6 1, who says I can't play musical instruments? I quit. I played well.
62. Since people get tanned, their faces look good, their teeth turn white, and they don't blush after drinking.
63. Don't ask me what is the standard of being handsome, ok? Look at me and you will know!
64. Once upon a time, there was a hide-and-seek company whose boss had not found it.
65. How can we have the ability to take care of everyone's feelings? I can't take care of my mood.
66. Wearing this low-cut dress and that leopard print all day looks like a comfort woman who was eliminated before World War II.
67. Life is like this: things you like can persist naturally, and things you don't like won't last long.
68. My mother likes playing mahjong, but then I was born. My mother resolutely gave up mahjong for me and my family, because she suddenly felt that hitting me was more interesting.
69, life, my mother gave birth to me, I have to live.

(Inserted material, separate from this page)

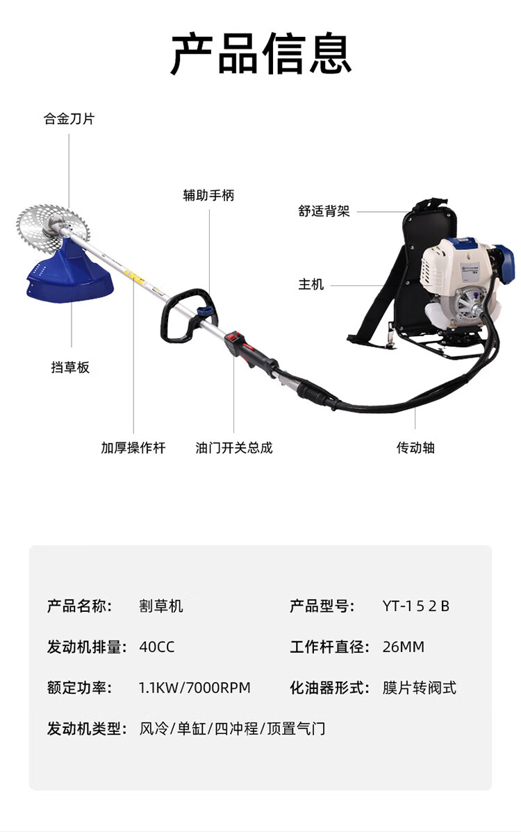 利晨四沖程152背負(fù)式汽油割草機(jī)打草機(jī)大功率汽油農(nóng)用開(kāi)荒除草收割機(jī)(152-B背負(fù)式割草機(jī)) 自營(yíng)

70. Have a good exercise when you have time. You can't be single and fat
7 1, rabbits don't eat grass near their nests, and the quality is not good. Why not look around?
72. The only thing worse than what others say in this world is that no one says you.
73. Don't fall in love with me, because I am the Altman in outer space.
74. If you think the person you like likes you, it only shows that you have a rich imagination.
75. A woman redder than a red diamond fell in love with a man redder than a yellow diamond. Finally, a mistress who is greener than a green diamond came and gave birth to a son called a member.
Even if a beautiful person makes a mistake, others can easily forgive him. Ugly people can't be forgiven by others because of their looks.
77. There is no room for two tigers in the mountain unless there is a male and a female.
78. When a girl says she wants to lose weight, don't believe it, especially when eating. Because when she said this, she might have just eaten.
79. Sometimes I feel ordinary, just an ordinary person. Don't be sad, there is still a chance to be special and be a special ordinary person.
80. Who said, "Never forget, there will be repercussions"? The person you like has never told me that he wants to get rich overnight, and it has never come true.